After splitting up with my partner I moved back to my mothers where myself and H___ lived. I left after approx 5 yrs ago but H___ has never settled in the flat as she prefers my mothers house (she has a double room etc and can get away with what she wants, and my mother feels its like a competition to win H___ over). How can I get to grips with H___ when she is permanently at my mothers! My mother has had enough of her rudeness also and after years of rowing between my mother and I over H___ we are now beginning to stand together. I am a single parent, working as a construction manager in a male dominated industry and currently undertaking a degree, struggling to pay the bills. I have sacrificed alot for H___ and given her absolutely everything I now realise this was wrong. I wanted her to grow up with family around her not with just me to stimulate her and now I feel that it has all bitten me in the backside.

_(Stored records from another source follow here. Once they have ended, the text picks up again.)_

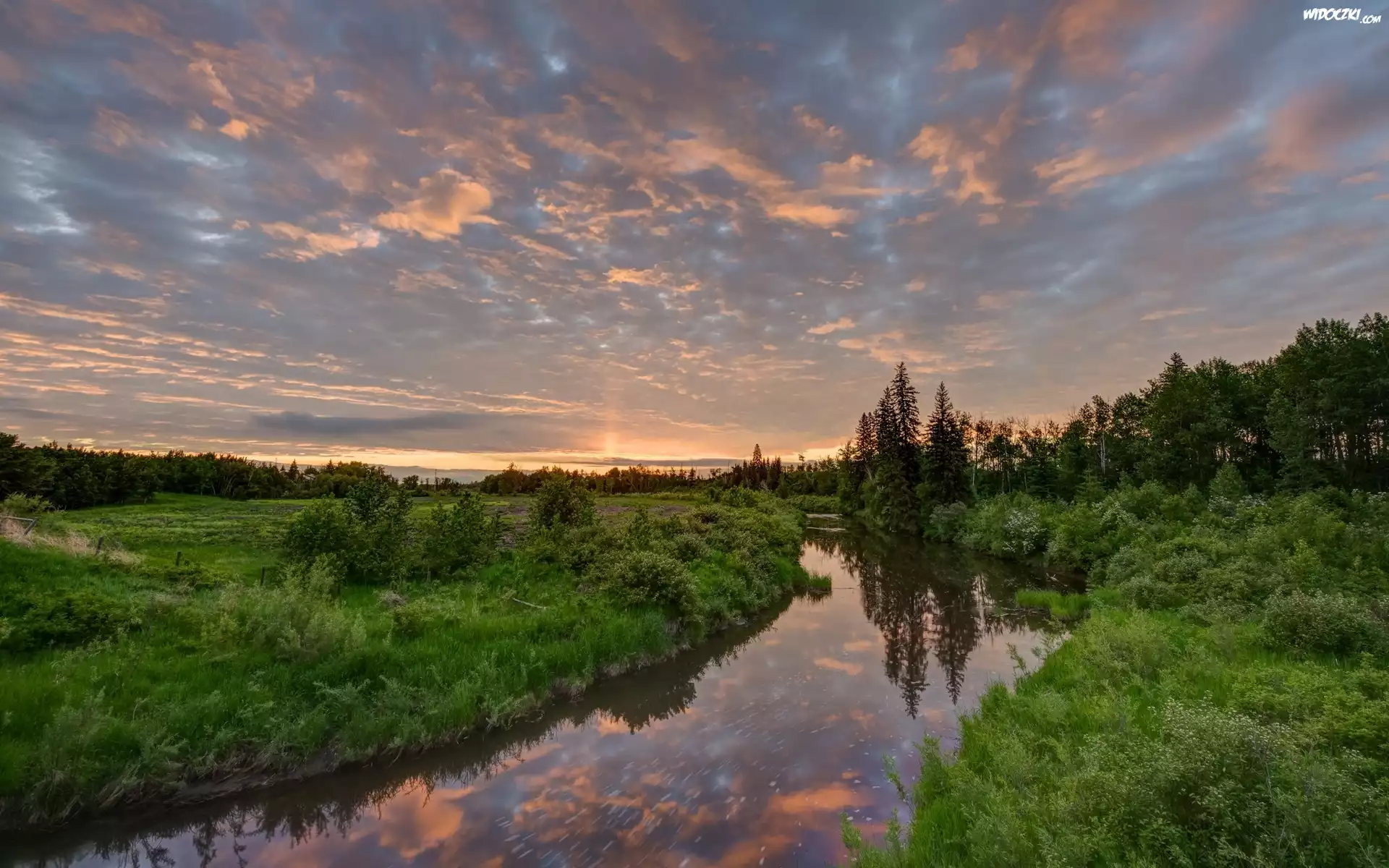 Rzeka, Chmury, Zachód słońca, Drzewa
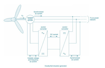 This is where Doubly-fed Induction Generators come into play, as they allow the generator output voltage and frequency to be maintained at constant values, no matter the generator rotor speed and thus, no matter the wind speed.
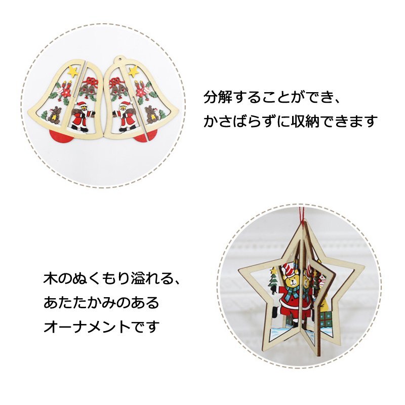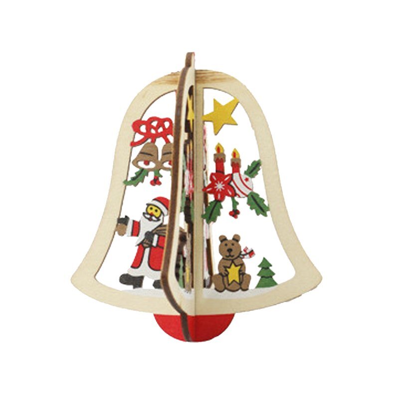 【C10824】送料無料 3D オーナメント ベル デコレーション オブジェ ウッド 鐘 木製 サンタさん サンタ クマ 吊り下げ装飾 置物 雑貨 イベ
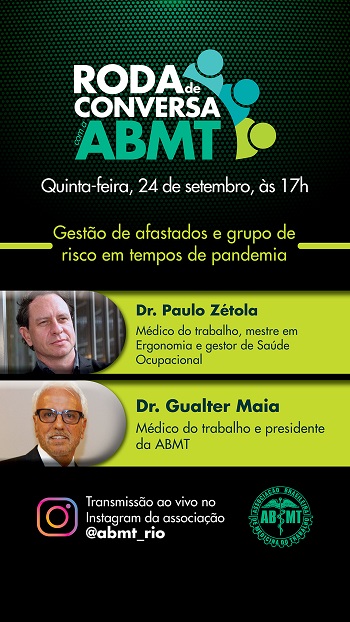 A Associação Brasileira de Medicina do Trabalho (ABMT) promove, em 24 de setembro às 17h, uma nova live da série Roda de Conversa com a ABMT.

H___ is now at my mothers thinking that it is another battle won and she has got away with her behaviour this weekend and will hang in there until she falls out with my mum and then will seek cover in my house with me. I bought you ebook last night and read over it. For the 1st weeks assignment I can do this but how do I deal with what has happened this weekend do I just let it go? At the moment I physically cannot, I can't even bring myself to look at her even though I love her so much and wonder how has all this happened, what did I do so wrong.

It is her 13th birthday next Saturday I don't even feel like buying her a present and normally I would be in debt just to give her everything she wants although she is not grateful for anything and is quite rude to other members of the family if she feels it is a 'cheap' present. She will never write anyone a card for their birthday and wont even wrap a present, she does not chores. My mother runs round her and then she expects me to do the same and I do as I want to make her happy (which sounds pathetic as I am not helping her to be independant).

What do I do now. She is in my mothers how do I deal with her discipline. What should I do about her birthday? I don't think I should launch straight into the 1st set of assignments and let this go as it is too big an issue to have Police round my flat.

H___ is fine in school, she has never been in any trouble, I know in comparison I should be grateful but if I don't sort this now it could lead to something worse. I feel like I have failed big time as a parent when all I ever wanted was to be a good parent and work and be a good role model I guess i'm trying to be the super mom.

Please help I should be out on site as we are handing over the building and I can't think about anything I feel TOTALLY DEPRESSED.